In this study, we used the alcohol-related fatalities per 100,000 people in the U.S. states between 1980 and 2009 for our analysis. The data show the following phenomena: (1) consistency: areas with high rates of alcohol-related fatalities in the 1980s remained so in 2009; and (2) regionality: areas with higher rates of alcohol-related fatalities were situated in the west and south, whereas areas with lower alcohol-related fatalities were situated in the northeast. These characteristics led us to question if drinking and driving policies had the same effects in areas with different rates of alcohol-related fatalities. Therefore, we used the QR method to discuss the effectiveness of various drinking and driving policies for different quantiles of alcohol-related fatalities.

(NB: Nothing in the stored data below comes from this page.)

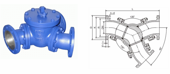 Y型三通球閥外形結(jié)構(gòu)圖: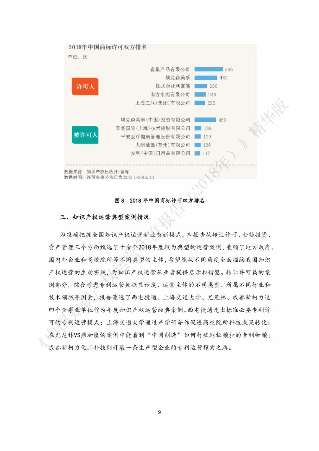 《中国知识产权运营年度报告(2018)》精华版发布 专利运营次数达25万余次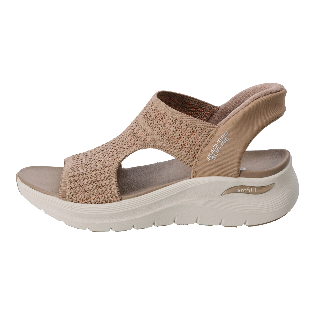 快適な履き心地が魅力のスケッチャーズ アーチフィットシリーズのサンダル。サポート力とクッション性を備えたアーチフィットシステムは、足の形にあった形状をし、アーチをサポート。足の疲れを軽減します。またインソールとアウトソールの構造がスニーカーの構造を踏襲しているため、足の微細な動きに合いフィット感に優れています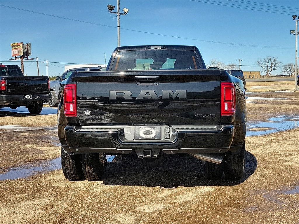 This 2026 Ram 3500 Big Horn in Diamond Black Crystal Pearlcoat comes with the following features: 6.7L I6 8-Speed Automatic 4WD Big Horn Level 1 Plus Equipment Group (12" Touchscreen Display, 2 Way Rear Headrest Seat, 2nd Row in Floor Storage Bins, 4 Way Front Headrests, 40/20/40 Split Bench Seat, 4G LTE Wi-Fi Hot Spot, 9 Alpine Speakers with Subwoofer, Air Conditioning ATC with Dual Zone Control, Alexa Built-in, Apple CarPlay, Auto Power-Folding Mirrors, Auto-Dimming Rear-View Mirror, Black Exterior Mirrors, Cloth 40/20/40 Premium Bench Seat, Connected Travel and Traffic Services, Connectivity - US/Canada, Disassociated Touchscreen Display, Dual Glove Boxes, Emergency Vehicle Alert System (EVAS), Exterior Mirrors Courtesy Lamps, Exterior Mirrors with Heating Element, Exterior Mirrors with Supplemental Signals, Foam Bottle Insert (door Trim Panel), Folding Flat Load Floor Storage, Footwell Courtesy Lamp, For Details Visit DriveUconnect.com, For More Info, Call 800-643-2112, Forward and Reverse Utility Lights, Front Armrest with Cupholders, Front Center Seat Cushion Storage, Front Seat Back Map Pockets, Global Telematics Box Module, Glove Box Lamp, Google Android Auto, GPS Antenna Input, GPS Navigation, HD Radio, Integrated Voice Command with Bluetooth, LED Bed Lighting, Locking Lower Glove Box, Luxury Steering Wheel, Manual Adjust 4-Way Front Passenger Seat, Mirror Running Lights, MOPAR Deployable Bed Step, MOPAR Spray in Bedliner, Off-Road Information Pages, Power 2-Way Driver Lumbar Adjust, Power Adjust 8-Way Driver Seat, Power Adjust Mirrors, Power Heated Fold Telescopic Mirrors, Power Telescoping Mirrors, Power-Adjustable Convex Aux Mirrors, Radio: Uconnect 5 Navigation with 12.0" Display, Rear 60/40 Folding Seat, Rear Dome with on/Off Switch Lamp, Remote Start System, Remote USB Port - Charge Only, Selectable Tire Fill Alert, SiriusXM Radio Service, SiriusXM with 360L, Steering Wheel Mounted Audio Controls, Storage Tray, and Trailer Tow Pages), Heated Seats and Wheel Group (Heated Front Seats and Heated Steering Wheel), Max Tow Package (5th Wheel/Gooseneck Towing Prep Group), Night Edition (Black Exterior Truck Badging, Black Interior Accents, Black Wheel Center Hub, Body Color Grille Surround, Gloss Black Nostrils/Molded in Color Black Grille, Painted Front Bumper, and Painted Rear Bumper), Quick Order Package 24Y Lone Star (Lone Star Badge), Towing Technology Group (Blind Spot and Cross Path Detection, Center Stop Lamp with Cargo View Camera, LED Tail Lamps, Red Tail Lamp Bezels, Surround View Camera System, Trailer Reverse Guidance, and Trailer Tire Pressure Monitoring System), 4-Wheel Disc Brakes, 50 Gallon Fuel Tank, 6 Speakers, 6000# Front Axle with Hub Extension, ABS brakes, Air Conditioning, Alloy wheels, AM/FM radio: SiriusXM, Apple CarPlay/Android Auto, Box and Rear Fender Clearance Lamps, Brake assist, Bumpers: chrome, Center Hub, Clearance Lamps, Cloth 40/20/40 Bench Seat, Compass, Delay-off headlights, Driver door bin, Dual front impact airbags, Dual front side impact airbags, Dual Rear Wheels, Electronic Stability Control, Front anti-roll bar, Front Center Armrest w/Storage, Front fog lights, Front License Plate Bracket, Front reading lights, Fully automatic headlights, Heated door mirrors, Illuminated entry, Low tire pressure warning, Manual Adjust 4-Way Driver Seat, MOPAR Front and Rear Rubber Floor Mats, MyFlexCare Service Diesel, Nexen Brand Tires, Occupant sensing airbag, Outside temperature display, Overhead airbag, Overhead console, Painted Flat Cab-Length Side Steps, Panic alarm, ParkView Rear Back-Up Camera, Passenger door bin, Passenger vanity mirror, Power door mirrors, Power steering, Power windows, Radio data system, Radio: Uconnect 5 with 8.4" Display, Rear Folding Seat, Rear seat center armrest, Rear step bumper, Rear Wheel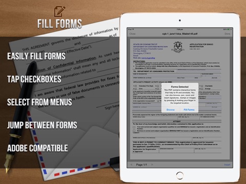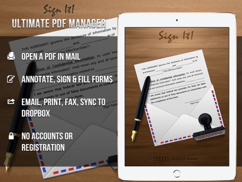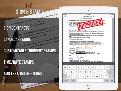 Not bad, but I miss features like widescreen keyboard and more stamps like ticks for boxes to cross, Tick boxes, Lines ... Would Be also Fine to define and draw own stamp templates for future use... I like the feature to send finished documents but Why the Heck do i have to edit them again before I can Mail them again if they are already Stores locally. Please Change that. Its definitive a GUI blooper.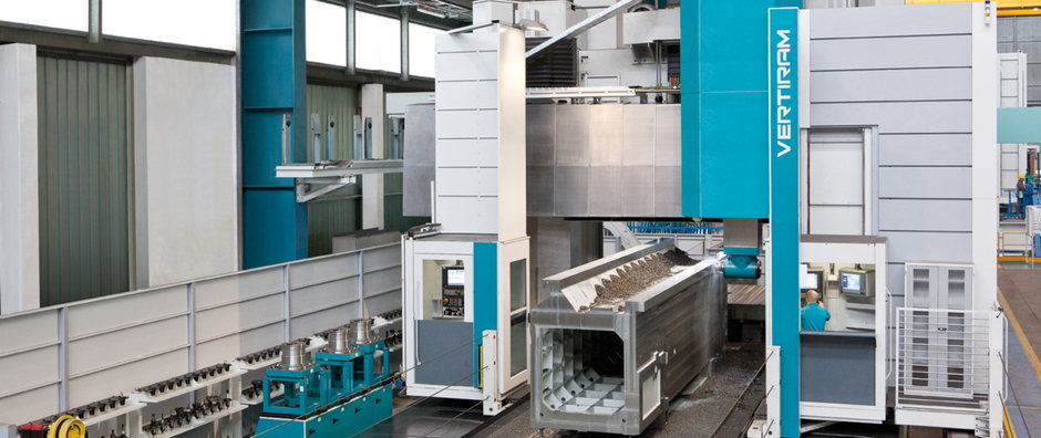 ●多種刀庫選項極大地提高了Vertiram龍門加工中心的生產(chǎn)效率:鏈式刀庫,安裝在立柱側面,容量為60到140個刀位;模塊化矩陣式刀庫,安裝在地面上,具有容量大、占地小的特點;落地矩陣式刀庫,配備機械手,可與X軸平行移動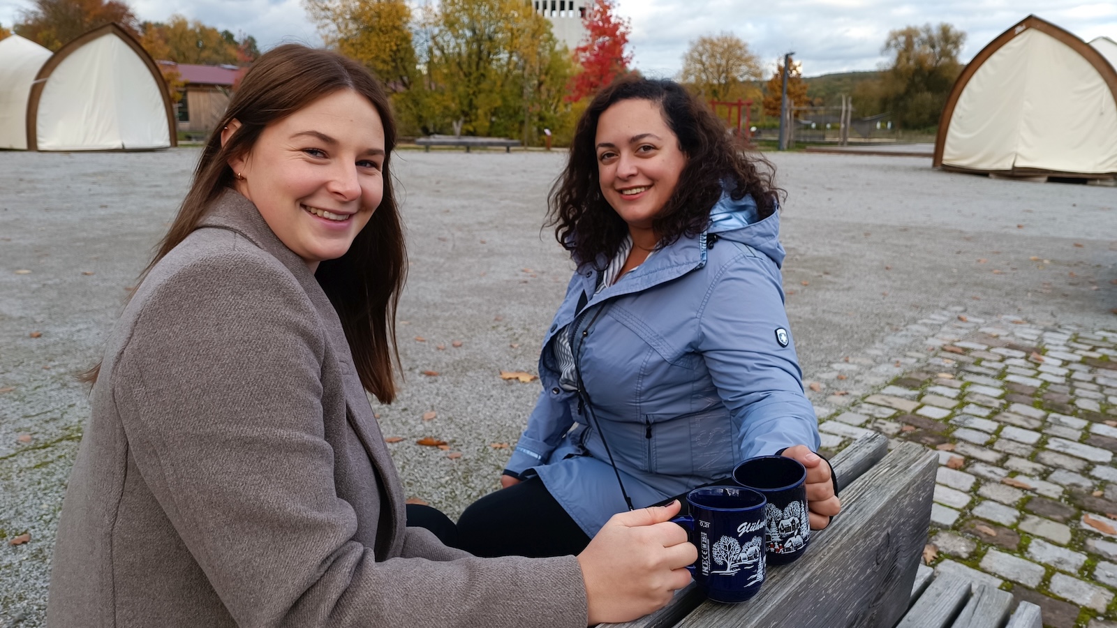 Madita Alberding und Gizem Cevik vom Huxarium freuen sich auf einen heißen Glühwein beim Gartenparkzauber am 16. November. Der Eventplatz wird dann stimmungsvoll geschmückt sein. Vier Aussteller werden in den Zelten ringsum weihnachtliche Deko zum Verkauf anbieten.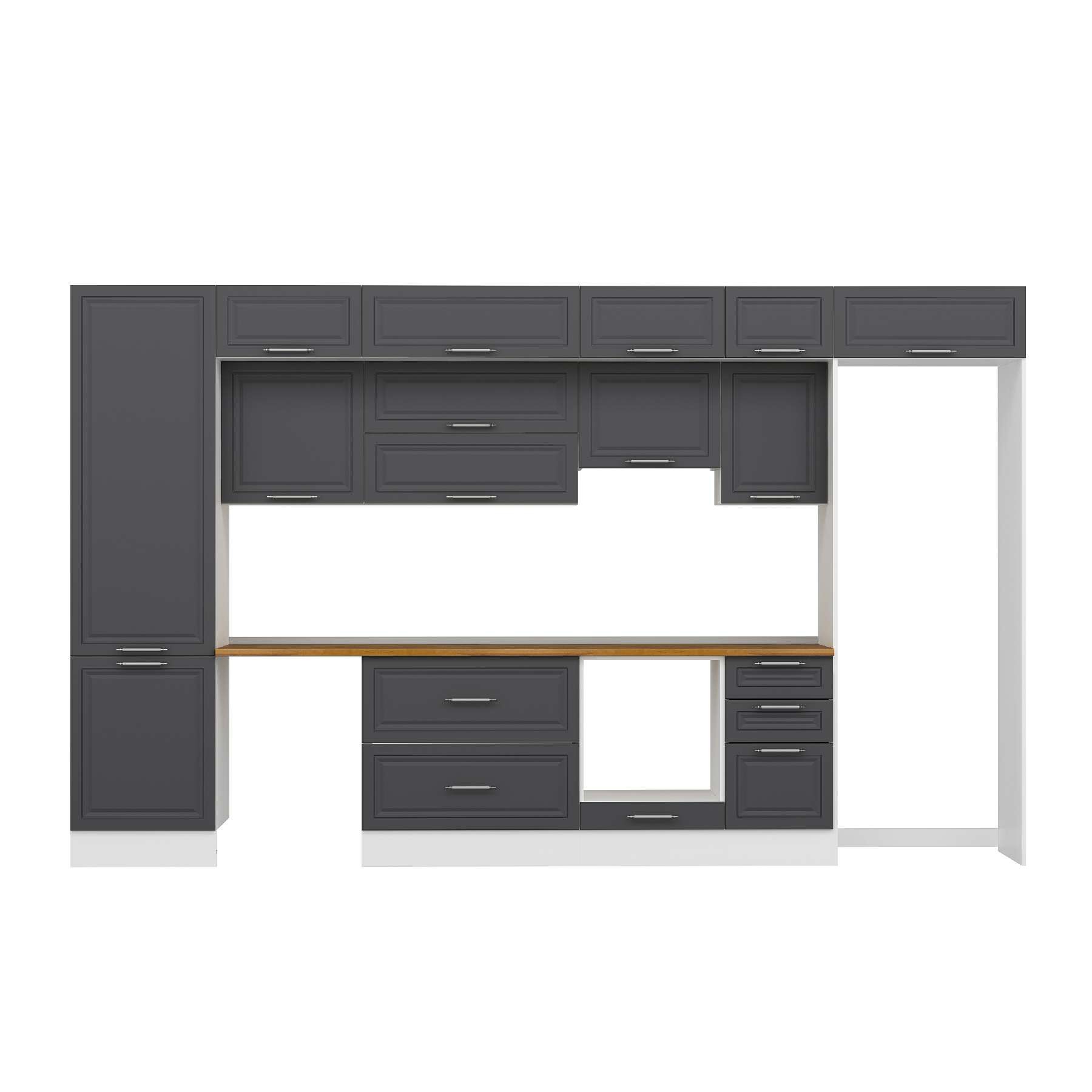 Alvinka 395X240 Cm Klasik Mebran Mutfak Dolabı Mbb-E90B60S45-1 Mebran | Antrasit - Mdf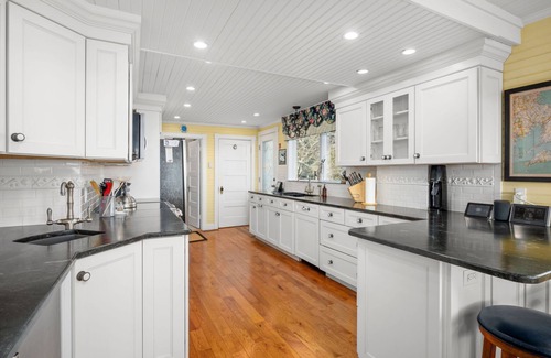 Through the sliding glass door off the kitchen, you will find seating on a huge, covered porch overlooking the sandy shores of Sagamore Beach. The perfect spot for your morning coffee. Unwind on the newly remodeled TREX deck and enjoy the water views.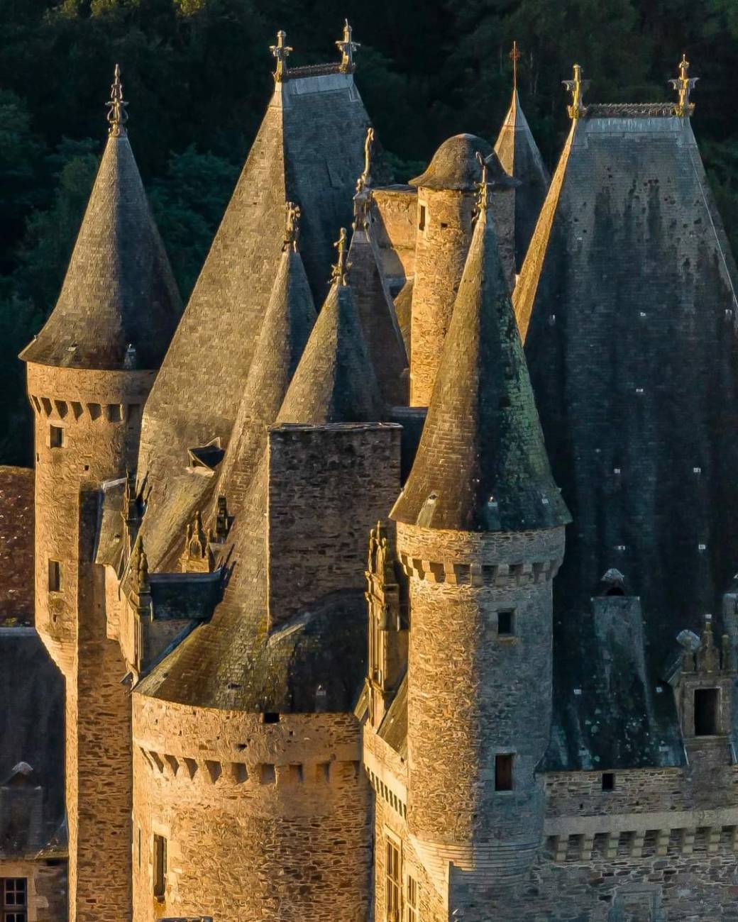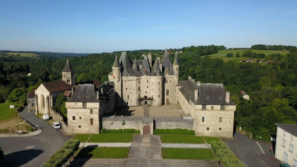 Aux confins du Périgord et du Limousin, cette forteresse, bâtie sur un territoire aurifère aux XIIème, XIIIème et XVème siècles, fut attaquée successivement par Richard Cœur de Lion, le Prince Noir et Duguesclin, avant d'être transformée à la Renaissance et hérissée de toitures féeriques ornées de faîtières aux symboliques féodales et alchimiques.
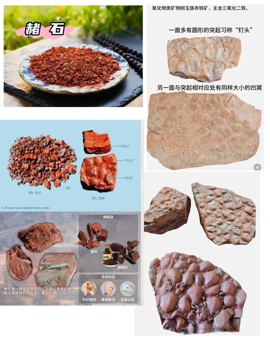 (4)联想记忆:赭石乃“铁血之石”,色红入血,质重下行,故能平降肝阳、镇逆止呕、凉血止血。“钉头赭石” 是其经典的形态描述。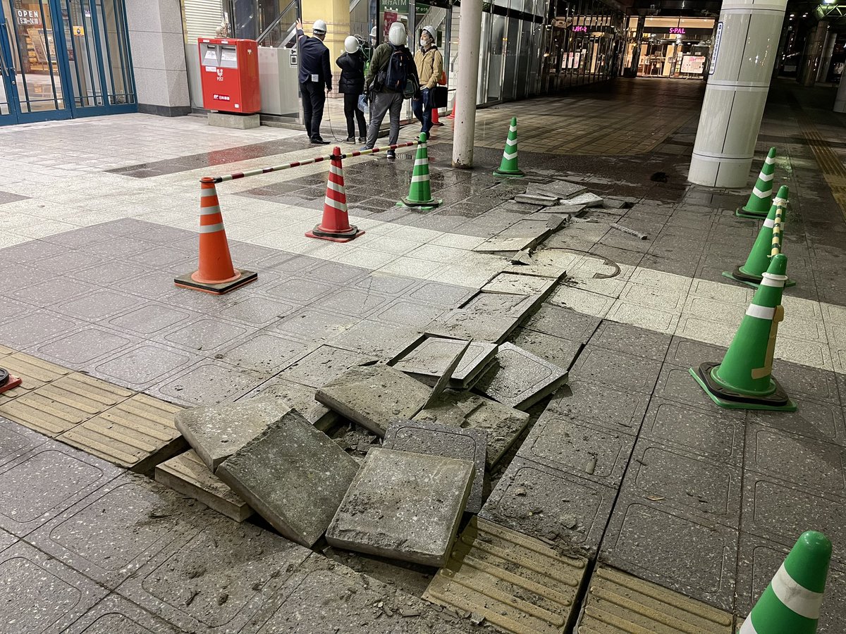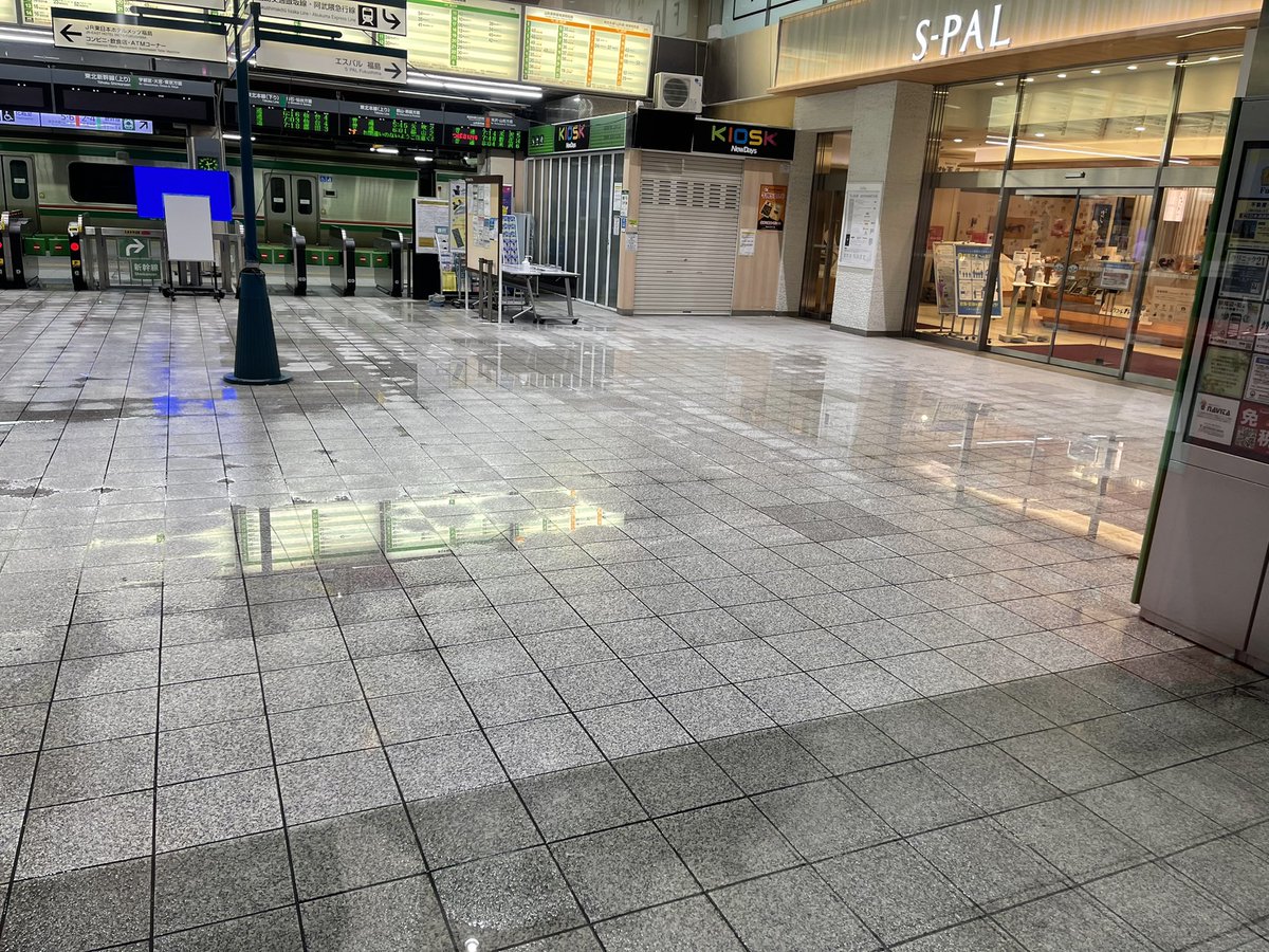 JR福島駅前地下歩道出口のタイルがめくれ上がるなどの被害が出ています。また駅構内は漏水と見られる水たまりがいくつもできています。

The results from the empirical study show demographic factors such as income, unemployment rates, young driver ratio, and population density were all significant in areas with low rates of alcohol-related fatalities; while only income and population density were significant in areas with high rates of alcohol-related fatalities. Considering the numbers of coefficients, we also find that lower beer tax and declined economic conditions (such as decreased income or increased unemployment) are correlated with higher rate of alcohol-related fatalities with impact greater in areas with low alcohol-related fatalities than in high fatality areas. Additionally, increased numbers of young drivers in areas with low rates of alcohol-related fatalities result in increased fatalities, whereas they did not significantly affect the fatalities in the areas with higher rates of alcohol-related fatalities. This implies that in areas with low alcohol-related fatalities (as compared to high fatality areas), drinking habits and attitudes may be restrained more easily by stricter drinking and driving policies and these areas are influenced to a greater extent by economic and demographic conditions. On the other hand, drinking habits and attitudes may not be easily changed in the areas with high alcohol-related fatalities; ex-post regulations are thus important for discouraging drinking people driving on the road. As a result, ex-post regulations are more important in the areas with high fatalities whereas preventive regulations are intended to prevent alcohol abuse and thus decrease alcohol-related fatalities in the areas with low fatalities.
Conflicts of Interest
The authors declare no conflict of interest.